NPR recently started a series entitled, Losing Your Religion. It tracks the rising number of nones throughout the United States and seeks to understand why it is they are straying from religion, or more specifically, organized religion.

Here is an interesting episode which pricks the pincushion on both sides of the none advancement.  This segment looks at a couple, Maria Peyer and Mike Bixby, who married a few years ago. However Maria is a devout Lutheran and Mike is an avid atheist. But they still seem to be able to make a good marriage work.

NPR’s episode shows how they are doing it: http://www.npr.org/2013/01/17/168954402/making-marriage-work-when-only-one-spouse-believes-in-god  

Here is a helpful exert from the episode’s transcript:

“Maria’s faith plays a role in making her the person that I love, and I’m good with that. I think we’re both the people who we are because of her faith, because of my lack of faith, and I don’t want to change that,” Bixby says.

In the past, people in relationships like this often would make a change — whichever person had the stronger conviction would set the terms. But these days, people are redrawing the lines.

“These families are doing something different, and they’re making their own choices,” says Erika Seamon, who teaches religion at Georgetown University and studies interfaith relationships. She sees couples find common ground on love, ethics and even spirituality while maintaining very different religious identities.

What do you think? Should Maria and Mike learn to live in their situation? Or should they continue to debate each other’s deep-seeded worldviews?

The Bible makes it clear that two people of differing beliefs should not marry.

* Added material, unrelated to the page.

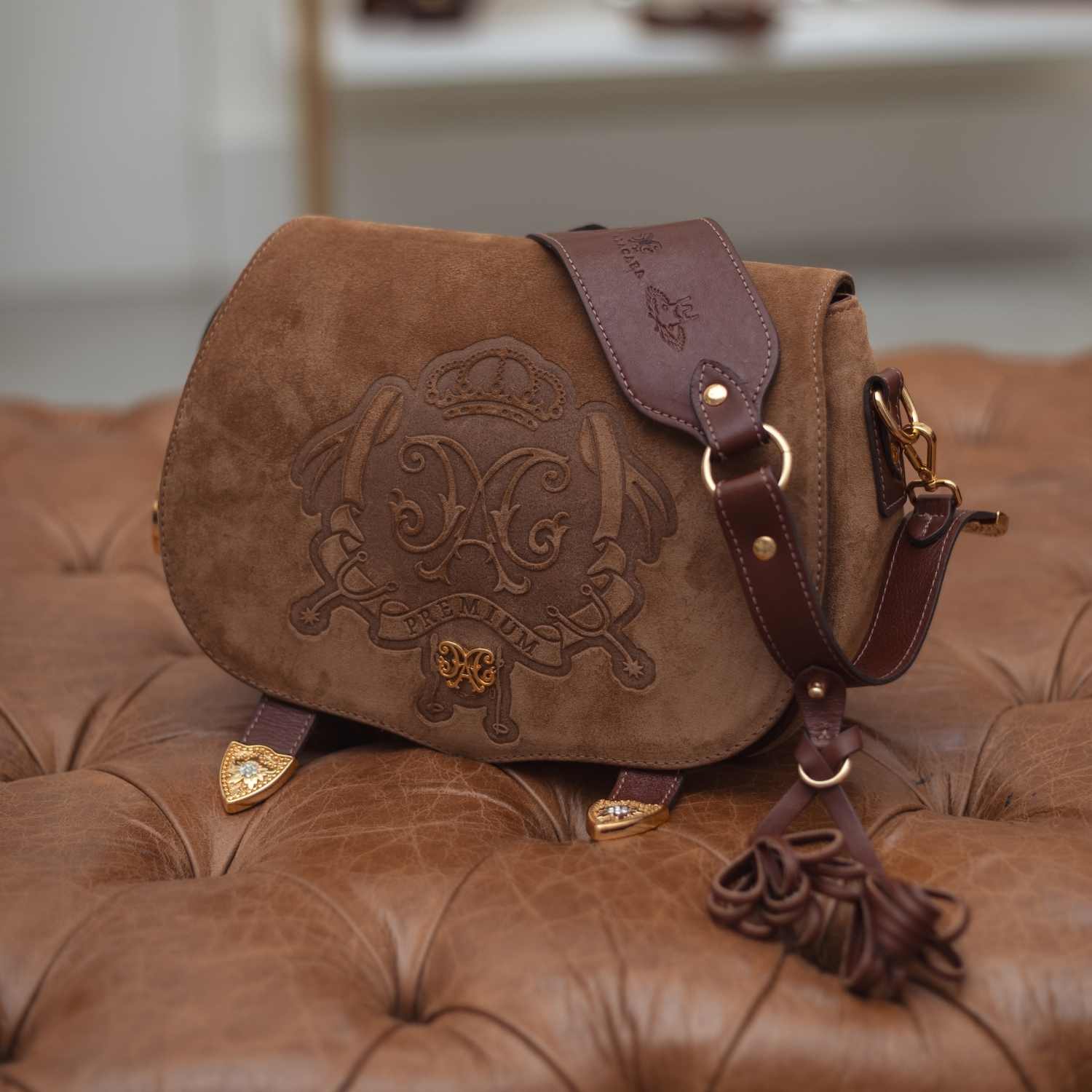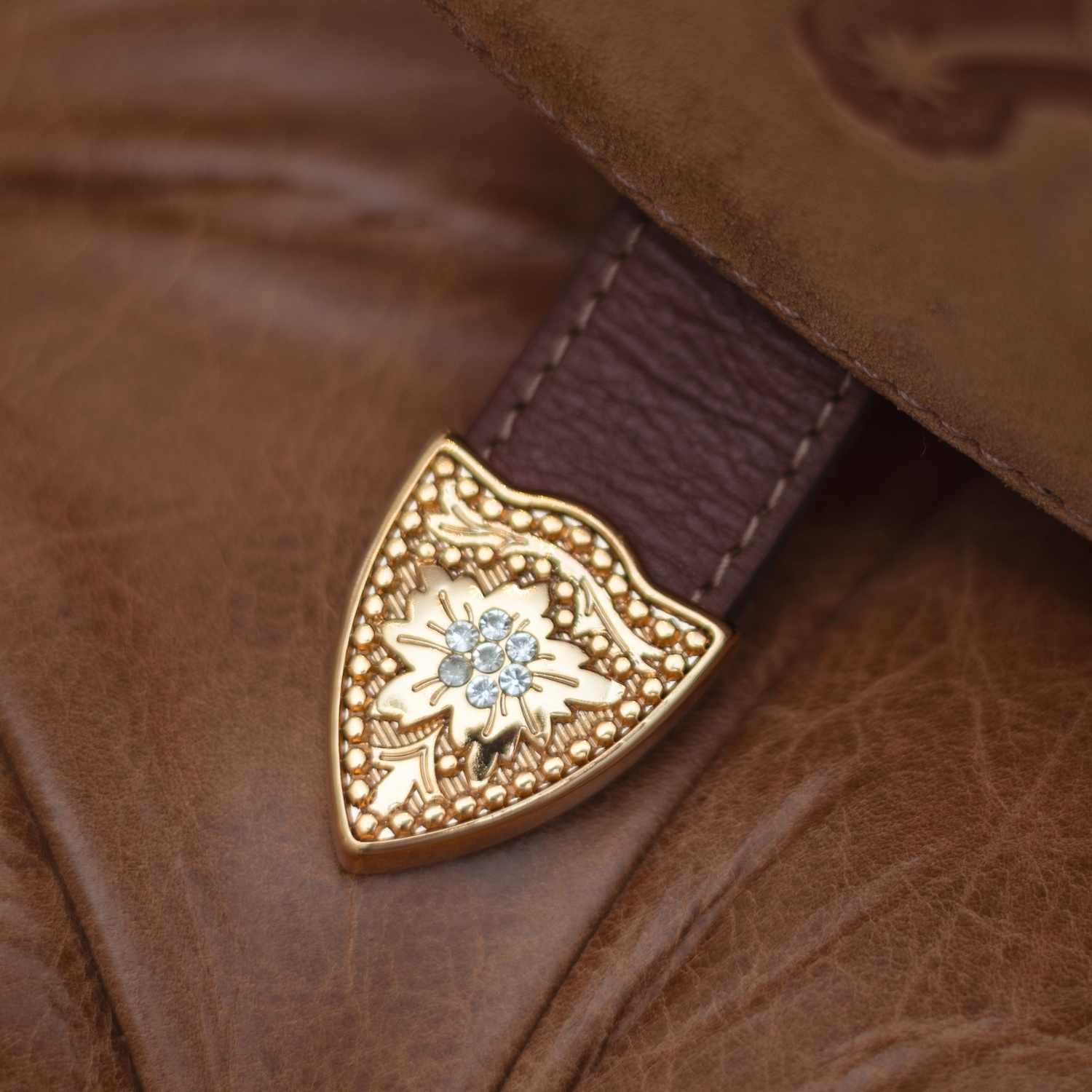 A alça ajustável permite diferentes formas de uso, enquanto os metais dourados e os detalhes artesanais reforçam o caráter premium da peça. Uma bolsa pensada para mulheres que conduzem seu próprio ritmo, com estilo firme e sensível ao mesmo tempo.

Therefore, the argument could be made from a Christian standpoint that Mike and Maria should never have gotten married in the first place. But they did get married. Now Maria must constantly accept that her husband may one day die and go to Hell, and as a loving wife she can’t stand to see this happen.

However, even with their differences the couples seems to be doing fine. Therefore, we come to the atheist side of the argument, which states that if a couple can find happiness and love through their differences then it shouldn’t matter what they believe. All that matters is right now – eternity is an illusion.

Both are very passionate about their beliefs, and both have a lot to back up their perspective. So how do we respond to a couple is this unique situation – battling between living for now and living for eternity.